Hi all, I have the same error too.
Base code:
def get_curve(df, label=''):
df['TIMESTAMP'] = pd.to_datetime(df['TIMESTAMP'])
return hv.Curve(df, ('TIMESTAMP', 'Time'), ('VALUE_NUM', 'Value'), label=label)
curve = get_curve(df, 'My chart')
Data structure:
curve.options(width=1000)
Note: there is some gap between the data
Using datashader:
ds_curve = datashade(curve, normalization='linear', aggregator=ds.count()).opts(opts.RGB(width=1000, height=400))
ds_curve
--> Raise error as mentions above
I already apply some fixes:
- Increase the
rtol
as @fwrite mention:
hv.extension("bokeh", config=dict(image_rtol=1000))

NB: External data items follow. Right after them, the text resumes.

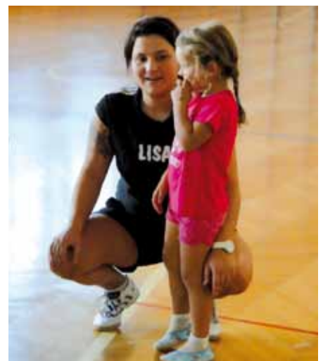
▲ Is die Lisa aufschmissn ...
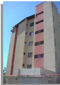
CONDOMINIOS: ANTES Y DESPUES
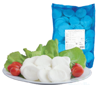
モzzarella・ヴァッカ IQF メダルタイプ 18g
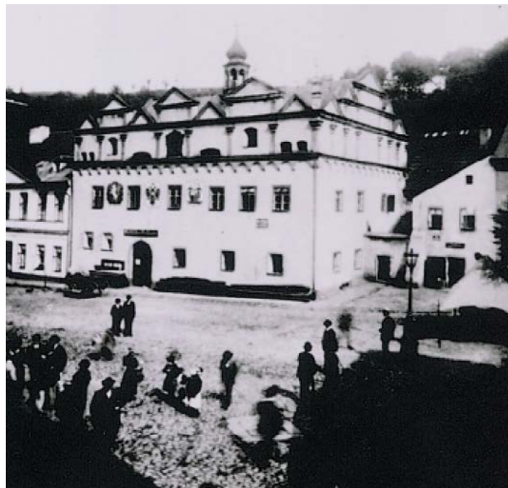
Nejstarší známá fotografie renesanční radnice na dnešním náměstí Republiky z roku 1886. Dobová pohlednice z archivu Okresního muzea Sokolov.
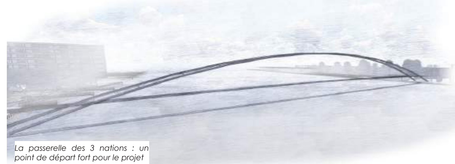
La passerelle des 3 nations : un point de départ fort pour le projet
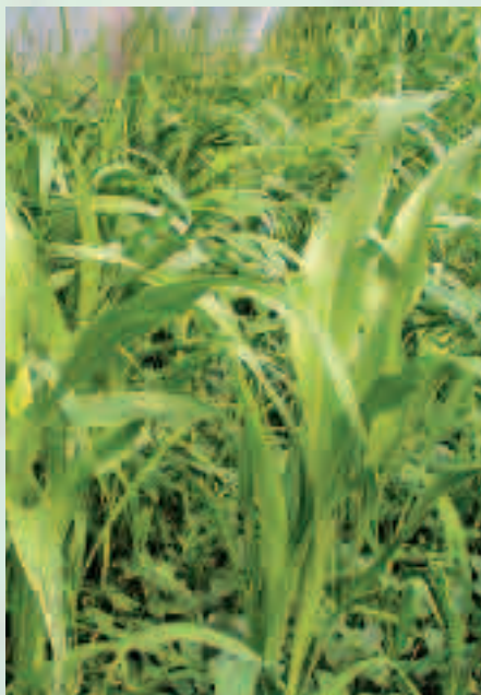
Le sorgho fourrager est l'engrais vert de référence sous abri l'été

Elle est déterminante pour la réussite d'un engrais vert. Ainsi pour un engrais vert d'automne, on sèmera les Légumineuses,
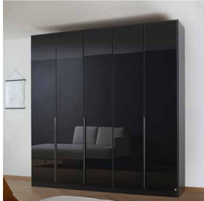
Korpus: A82P0 grau-metallic Front: A772W Glas basalt, Griffstangen grau-metallic
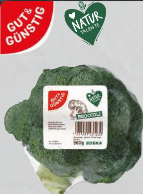
Brokkoli aus Spanien/ Italien, Klasse I 500-g-Packung (1 kg = € 2,98)
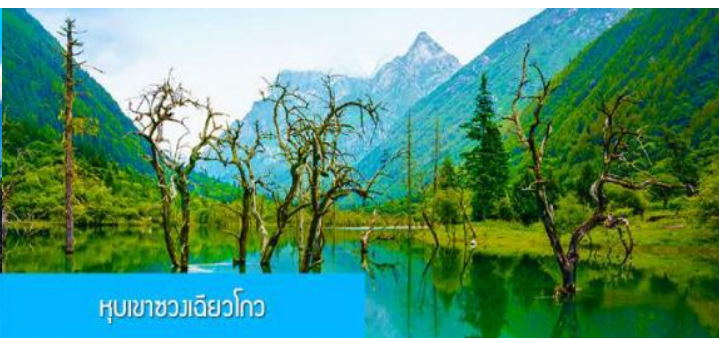
หุบเขาชวงเจียวโกว
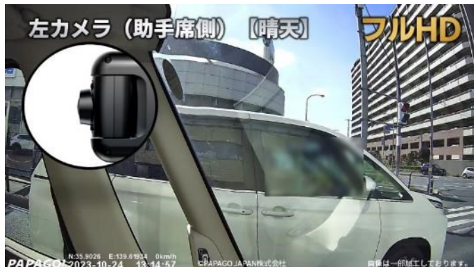
左カメラ（助手席側）
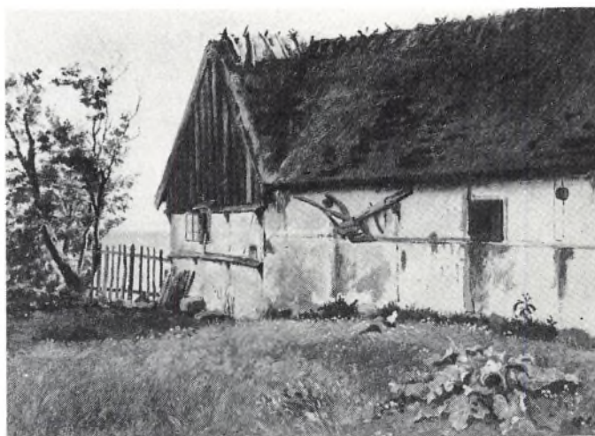
J. Th. Lundbye: Ulstrup. Refnæs. 1847.

Bagi bogen er der foruden en omfattende litteraturliste om kunst og landbrug en registrant over nogle af de mange, mange flere danske malerier fra tiden, hvor landbruget er blevet skildret. Mange af billederne hænger for øvrigt på kunstmuseerne uden for København.
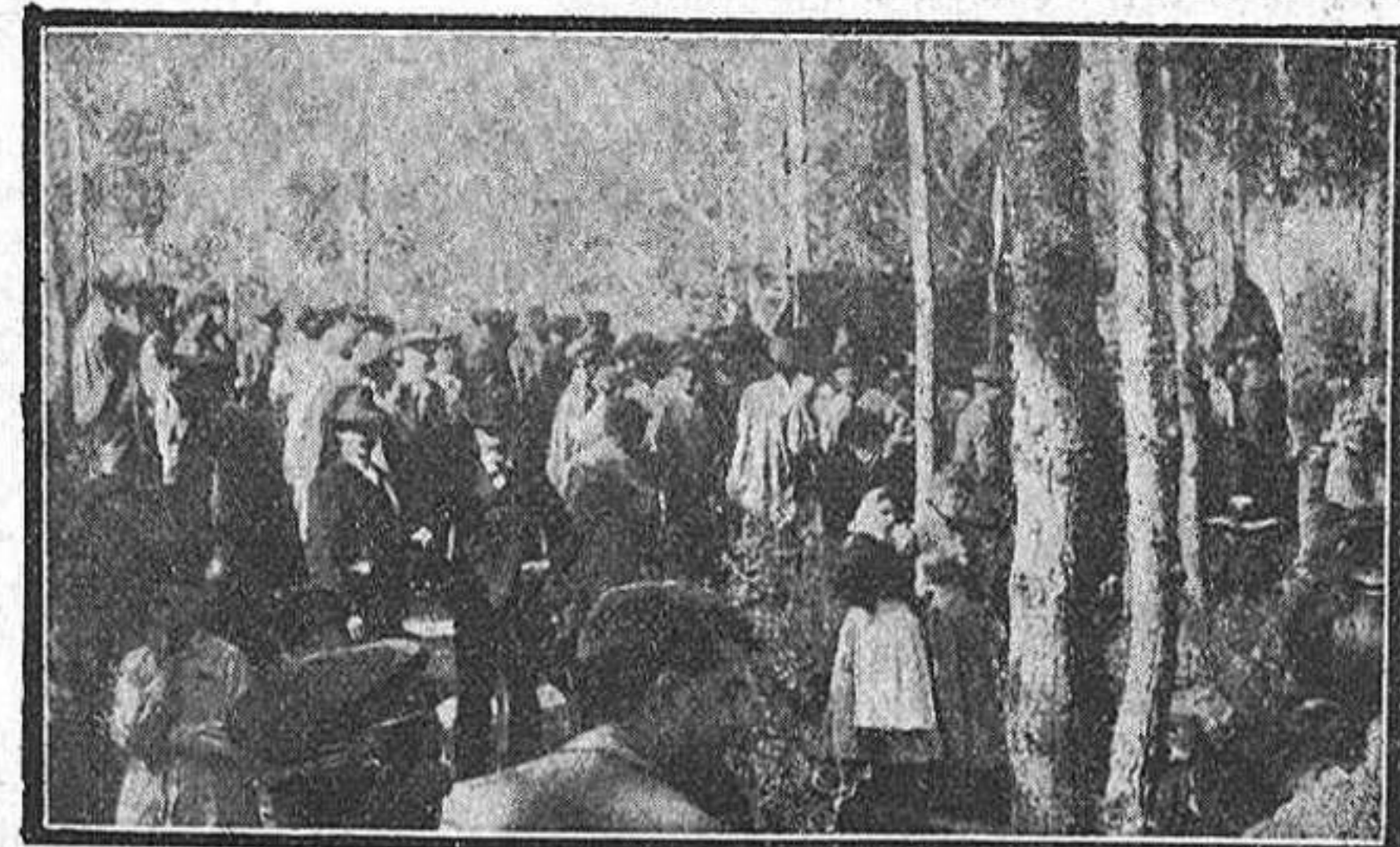
Disposantse pera 'l retorn.

However, when this number increase, the performance is very poor
- Convert the datetime to int, the chart work well with good performance
def get_curve(df, label=''):
df['TIMESTAMP'] = pd.to_datetime(df['TIMESTAMP']).astype('int64')
return hv.Curve(df, ('TIMESTAMP', 'Time'), ('VALUE_NUM', 'Value'), label=label)
curve = get_curve(df, 'Chart title')
ds_curve = datashade(curve, normalization='linear', aggregator=ds.count()).opts(opts.RGB(width=800, height=300))
ds_curve
So i think increase image_rtol is not a good solution, and not the root cause (because I can plot when converting to int64
I think we should add a option to disable this error when plotting (to use in another case like render in html, rather than global option rtol for Jupiter Notebook)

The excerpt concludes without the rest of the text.